For this task, extract exactly the lines of the data below, from the line containing "En revanche, Thomas" through the last one, with pictures left out.

_Data block_.
= Beginning of Section =

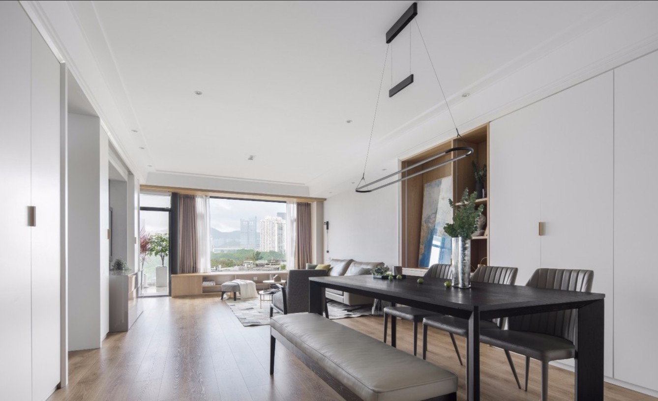 大场景拥有丰富的小细节:天花吊顶切斜边,引导向上。柜子框架切斜边,增加精致度。电视柜藏着投影幕布位置
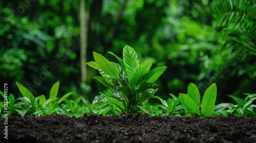 Lush green sapling growing in rich soil, vibrant jungle backdrop; environmental conservation
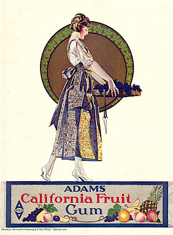 En revanche, Thomas Adams (1818-1905), Américain du New Jersey installé à Brooklyn, qu’il avait chargé de traiter l’affaire, conserva le stock de gomme lorsque le général, amnistié, rentra au Mexique. Ayant remarqué une fillette mâchant de la parafine White Mountain dans une pharmacie et se souvenant de l’habitude des Mexicains de mastiquer du chicle, il renonça à la transformation de celui-ci en caoutchouc synthétique souhaitée par le général et à laquelle il s’était essayé sans succès. Il déposa, en 1871, un brevet pour une machine destinée à la fabrication de la gomme à mâcher, et créa, avec son fils Horatio, dans le cadre de son entreprise Adams & Sons (2), une gomme pure à base de chicle, sans parfum, façonnée en bâtonnet et enveloppée dans un papier de couleur. L’accueil réservé à l’Adams New York Gum, « Snapping and Stretching », vendue dès 1871 dans les pharmacies au prix d’un penny la pièce, fut tel que la firme se mit à en vendre par millions et que, pour répondre à la demande, une immense usine modèle fut construite. Dès lors, Thomas Adams expérimenta divers parfums — à commencer par la salsepareille. Et en 1884, il lança son premier article parfumé, l’Adams’ Black Jack, aromatisé à la réglisse, lequel fut aussi le premier chewing-gum façonné en bâtonnets, forme qui est parvenue jusqu’à nous. Le succès fut immédiat— une popularité que le Black Jack allait conserver jusque dans les années 1970. En 1888, un nouveau chewing gum, Tutti Frutti, fut la première gomme à mâcher vendue dans une machine distributrice, et ce dans une station de métro de New York City. Devenue la plus importante fabrique de chewing gum du pays, la firme d’Adams s’unit, en 1899, à six des plus gros producteurs de chewing gum des États-Unis et du Canada, pour détenir le monopole de cette production (3). Elle devait compléter son succès par le lancement des Chiclets, petites dragées carrées au noyau de chewing-gum.
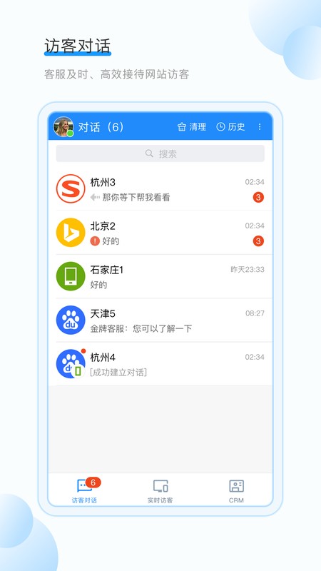 掌上客服app现已改名为53客服手机版,是专门提供客服沟通管理的办公性软件,支持实时访客、crm,访客及时,高效接待访客,对正在浏览网站访客主动发起会话,对留下线索的访客进行实时跟踪管理,极大提高工作效率,操作简单便捷!

= End of Section =

_Result of this task_.
 En revanche, Thomas Adams (1818-1905), Américain du New Jersey installé à Brooklyn, qu’il avait chargé de traiter l’affaire, conserva le stock de gomme lorsque le général, amnistié, rentra au Mexique. Ayant remarqué une fillette mâchant de la parafine White Mountain dans une pharmacie et se souvenant de l’habitude des Mexicains de mastiquer du chicle, il renonça à la transformation de celui-ci en caoutchouc synthétique souhaitée par le général et à laquelle il s’était essayé sans succès. Il déposa, en 1871, un brevet pour une machine destinée à la fabrication de la gomme à mâcher, et créa, avec son fils Horatio, dans le cadre de son entreprise Adams & Sons (2), une gomme pure à base de chicle, sans parfum, façonnée en bâtonnet et enveloppée dans un papier de couleur. L’accueil réservé à l’Adams New York Gum, « Snapping and Stretching », vendue dès 1871 dans les pharmacies au prix d’un penny la pièce, fut tel que la firme se mit à en vendre par millions et que, pour répondre à la demande, une immense usine modèle fut construite. Dès lors, Thomas Adams expérimenta divers parfums — à commencer par la salsepareille. Et en 1884, il lança son premier article parfumé, l’Adams’ Black Jack, aromatisé à la réglisse, lequel fut aussi le premier chewing-gum façonné en bâtonnets, forme qui est parvenue jusqu’à nous. Le succès fut immédiat— une popularité que le Black Jack allait conserver jusque dans les années 1970. En 1888, un nouveau chewing gum, Tutti Frutti, fut la première gomme à mâcher vendue dans une machine distributrice, et ce dans une station de métro de New York City. Devenue la plus importante fabrique de chewing gum du pays, la firme d’Adams s’unit, en 1899, à six des plus gros producteurs de chewing gum des États-Unis et du Canada, pour détenir le monopole de cette production (3). Elle devait compléter son succès par le lancement des Chiclets, petites dragées carrées au noyau de chewing-gum.
 掌上客服app现已改名为53客服手机版,是专门提供客服沟通管理的办公性软件,支持实时访客、crm,访客及时,高效接待访客,对正在浏览网站访客主动发起会话,对留下线索的访客进行实时跟踪管理,极大提高工作效率,操作简单便捷!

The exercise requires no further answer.